A true northern forest

A true northern forest

The low hum of insect wings and barely audible, a nearby silt-laden river moving lethargically over sand shoals and between branching roots and foliage, were the only sounds. There was no bird song, there were no birds. The air was humid and dense and as the sun rose to sit almost directly overhead, the temperature reached 30 degrees.

Tree ferns as tall as houses and club mosses larger than Joshua Tree cacti dripped on and shaded a forest floor covered by decaying vegetation, contributing the latest increment to a swampy mass of organic matter over 25 metres thick. 

A millipede, stretching to 2 metres long and half a metre across, rustled through the damp plant litter leaving a tyre-tread trail in muddy patches. Oxygen levels higher than the planet had known before, had allowed this arthropod and its extended family to evolve into giants. But despite this atmospheric richness, the tree ferns, and indeed all the oversized primitive plants in this part of an equatorial forest, which stretched well over 7,000 square kilometres, looked less than healthy. 

Groundwater levels were rising and becoming brackish. The ice cap at the South Pole was melting and retreating, and after tens of thousands of years of terrestrial dominance, the sea was about to drown this piece of forest. The climate and the landscape were changing.  

The above isn’t a description of the Amazon Basin, or the jungles of Borneo today, facing the consequences of our warming climate. No, this is us, south Northumberland and eastern Cumbria, but 320 million years ago. It’s a description of the environment that produced an extensive and persistent coal; the Little Limestone Coal. A story of plants that became peat, that became a black rock on which the livelihoods of many thousands of people have depended.

The coal lies just below the limestone from which it takes its name and which was a product of the coral sea that flooded the forest. It’s thinner perhaps than the younger and more numerous coals of the Newcastle and Durham coalfields to the south and east. But it had just as much influence on the local population. 

In over 20 hamlets, villages and small towns in Northumberland and Cumbria, from Amble to Capheaton, Wall to Haydon Bridge, Bardon Mill to Haltwhistle, Hallbankgate to Hartside, and Alston to Lambley, mining this coal used to be a significant, if not the dominant, occupation.

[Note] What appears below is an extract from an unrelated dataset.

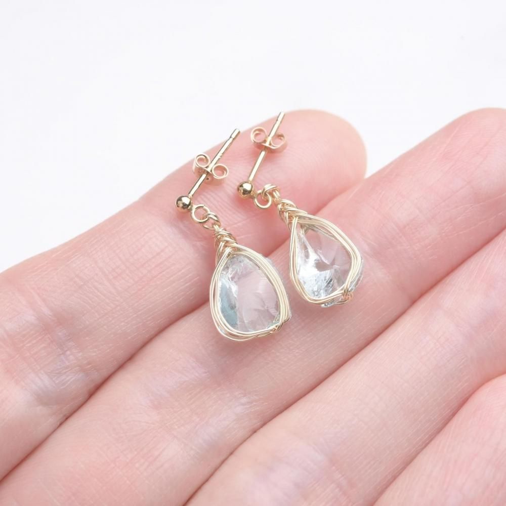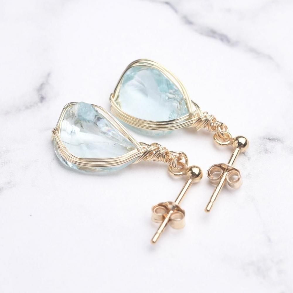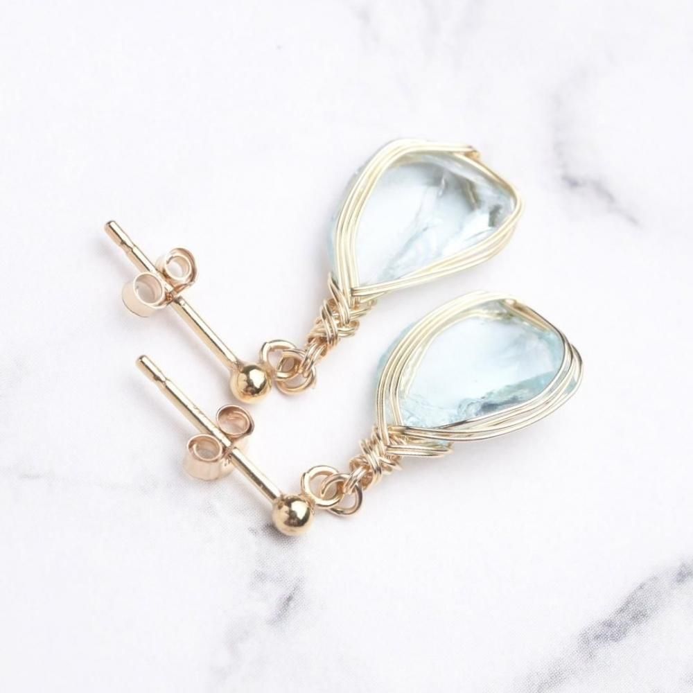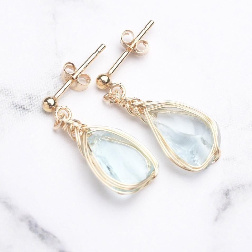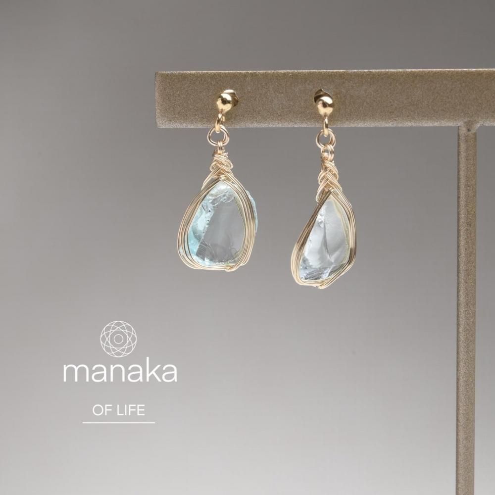 シエラネバダ産アンダラクリスタル アズールエリュシオン ワイヤーラッピングのピアスです。

These places owe their persistence, if not their existence to this rock. It was first mined by the Romans and then much more extensively, especially in the 19th century, up to the middle of the 1950s. Look carefully and you will still see the hundreds of bell pits, dayholes, drifts, adits and shafts. It is still mined today at a solitary small colliery at Ayle.

Nowadays we have, at best, an uneasy relationship with coal and fossil fuels, but let’s not be tempted by the current vogue to re-write history on this one and make it a 100% villain. Coal put bread on the table for tens of thousands of families in the North, for some it brought prosperity and invention, for others it brought tragedy. Today, unarguably, it leaves us with a colossal global problem - climate change. Ironic that it was a change of climate that brought about the demise of the coal forest itself. 

And the title - the true northern forest? I congratulate the Woodland Trust and other agencies who have set out their ambition to plant 50 million trees in and around the cities of Liverpool, Manchester, Leeds, Sheffield, Chester and Hull. It’s a great concept that will reduce the risk of flooding, create jobs, make people happier and healthier, and store an awful lot of carbon. But isn’t it nice to hold on to the cheeky thought that we here in the real North had a much bigger forest a little before them?